Technologies such as artificial intelligence, the distributed ledgers, and big data are enabling new business modes that across financial services industry and its supply chains at breakneck speeds and is leaving regulators fighting to keep pace with the changes.
In a recent note published by the World Federation of Exchanges, the global industry body called for regulators and authorities to work actively with the industry when writing and implementing new regulations and standards regarding market infrastructure.

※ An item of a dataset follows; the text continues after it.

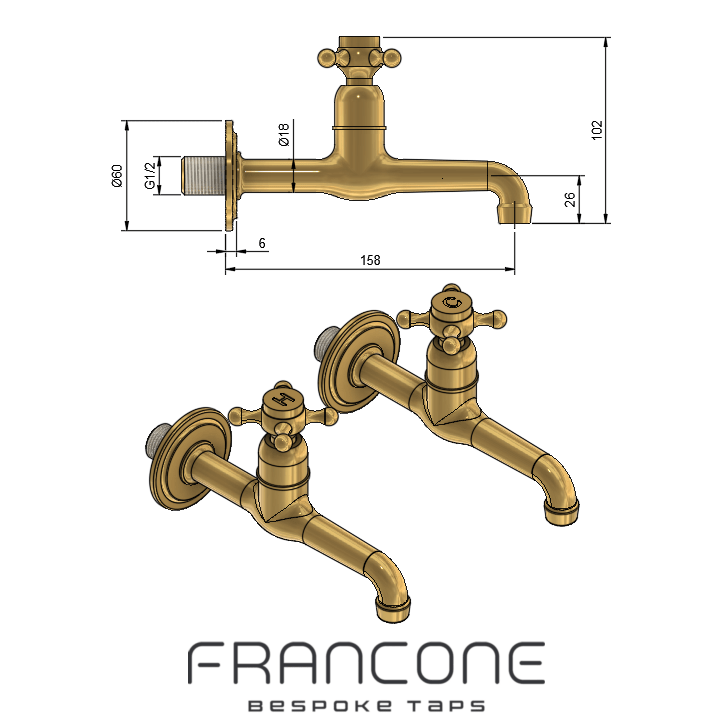Designed with a traditional bathroom basin in mind, the BT72 compromises of a pair of neat hot and cold taps with handles situated on the top of the layout. The spout of the design has a nice reach of 15cm as standard for optimal flow and a better hand washing experience but can be changed to suit your basin as below. For Ceramic handles B&W, kindly specify your preference by indicating either Black or White in the order notes.

“New technologies can benefit both individual consumers and firms by enabling greater access to financial services, choice, efficiency, and a more competitive landscape,” wrote the authors of the note. “However, they can also introduce risks, including operational, data privacy, and cyber-related. Exchanges and post-trade infrastructure providers are considering how to use these technologies to offer new services, improve operational efficiency and cut costs while ensuring the markets remain safe and resilient.”
The seven high-level principles developed by the organization’s Fintech Working Group, which the industry body established in 2017, include:
- In general, innovation should be market-driven and not be constrained by unnecessarily by regulation;
- Legislation, rules, and practices should only be adopted if strictly required; the scope of existing regulations should be broadly sufficient to extend to many or most potential FinTech initiative;
- Any regulatory approach should encourage innovation while ensuring investor protection and system stability;
- While the technology itself may present unique risks, the underlying principles of outsourcing remain sound and appropriate and so regulated entities use of new FinTech applications and solutions should be consistent with the outsourcing of any other function in the absence of other regulatory impact;
- There should be open, regular and proactive dialogue between regulators and the market in order for authorities to understand the technology which unpins FinTech applications, and ensure the existence of any appropriate regulatory framework;
- FinTech innately international with global applications and uses; regulatory principles and/or guidelines, therefore, be developed at the global level to reflect the increasingly global nature of markets; and
- There should be consistency in the application of rules to both incumbents and new FinTech entrants in the interests of maintaining the integrity, stability, and fairness, of the system.
The WFE also recommended in its note that regulators work to harmonize their fintech regulations globally so that they could promote common standards that are as consistent as possible while being sufficiently flexible and workable.